As NASA prepares to send humans back to the moon through the highly anticipated Artemis program, it is taking big steps to encourage the development of commercial landers.
First assignment: CLPS. NASA’s Commercial Lunar Payload Services (CLPS) program is funding 14 separate lander concepts from Astrobotic, Deep Space Systems, Draper Labs, Firefly Aerospace, Intuitive Machines, Lockheed Martin, Masten Space Systems, Moon Express, OrbitBeyond, Blue Origin, Ceres Robotics, Sierra Nevada Space, SpaceX and Tyvak nanosatellite systems.
First on the starting list:
- Astrobot: If all goes according to plan, Astrobotic’s Peregrine lunar lander will be the first commercial lander to land on the moon — or any other non-terrestrial planetary body, for that matter. Later this year, it will transport 11 payloads to Lacus Mortis, a lunar crater. Astrobotic is also developing the larger Griffin lander, which will take NASA’s Ames Research Center-developed VIPER rover to the moon. (That mission, NASA announced Monday, has been delayed for a year, to 2024, to allow more time for ground testing of the Griffin.)

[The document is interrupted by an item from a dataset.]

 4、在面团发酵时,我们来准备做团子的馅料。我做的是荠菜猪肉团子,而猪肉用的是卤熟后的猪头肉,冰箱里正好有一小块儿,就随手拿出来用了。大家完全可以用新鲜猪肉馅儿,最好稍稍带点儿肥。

- Intuitive machines: The company’s lander concept, Nova-C, is a six-legged cylindrical capsule capable of delivering 100kg of payload to the moon’s surface. The lander will launch late this year aboard a Falcon 9 and carry five payloads to Oceanus Procellarum, a dark spot on the lunar surface.

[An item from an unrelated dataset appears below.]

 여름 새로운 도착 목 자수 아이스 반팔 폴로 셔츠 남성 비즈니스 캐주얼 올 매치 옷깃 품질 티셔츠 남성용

- glowworm: The whimsically named Blue Ghost lander is expected to debut in 2023. It will transport 10 payloads to Mare Crisium, a basin on the near side of the moon. Firefly is expected to land a Blue Ghost on the moon annually after its first landing.

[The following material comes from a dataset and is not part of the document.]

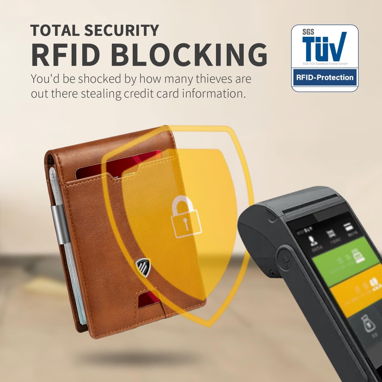 - RFID Blocking Protection - This rfid wallet for men is tested by an independent German quality control institute, specifically to block 13.56 MHz or higher RFID signals and protect against data theft by RFID scanners

- Masten Space Systems: Masten’s XL-1 lander will travel to the moon’s south pole in 2023. It will be loaded with eight payloads, including MoonRanger, a lightweight rover that will showcase communications and mapping technology.
These are all purely robotic missions to the moon. NASA has a contract with SpaceX for a Human Landing System (HLS) to take astronauts to the lunar surface. Spurred on by Blue Origin, Congress and others, the US space agency has announced it will… requests for proposals for a second HLS concept.
The US companies that send landers and rovers to the moon will not end up with the CLPS program. Venturi Astrolab, for example, emerged from stealth with a moon rover concept, BOWearlier this year.
Roscosmos, the Russian space agency, has planned a number of its own moon landing missions in the coming years. However, after the Russian invasion of Ukraine, most missions have been put on ice or otherwise hit by international sanctions and by the ESA (European Space Agency) interrupting joint space missions.
Russia’s next lunar lander is the Luna-25 mission, which will launch in September and land at the moon’s south pole to study lunar regolith (the loose rock that covers the moon’s surface). Originally, the lander would have been equipped with a European-built navigation camera. After ESA withdrew from the mission, Roscosmos chose to build its own instrument. The fate of Russia’s next planned landing missions, Luna-26 and 27, is still at stake.
The Indian Space Research Organization (ISRO) hoped to send its first spacecraft to the lunar surface in August, but it now looks like a 2023 landing is more likely. The mission, Chandrayaan-3, is designed to place a lander on the moon’s south pole. After the Chandrayaan-2 rover payload crashed on the moon in 2019, ISRO wants to make sure it won’t fail again.
The Japan Aerospace Exploration Agency (JAXA) has worked separately with both Toyota and Nissan to build moon rovers in the coming years. The Lunar Cruiser, Toyota’s prototype, is designed to help people live comfortably on the moon by 2040. The Nissan project, unveiled in December, uses the company’s four-wheel drive technology and technology for electric vehicles for lunar applications.
A private Japanese company, ispace, also builds his own lunar lander and rover. It hopes to launch its first lander this year and its first lander/rover combination in 2024. After that, the company has ambitious plans to increase the cadence of its moon landings.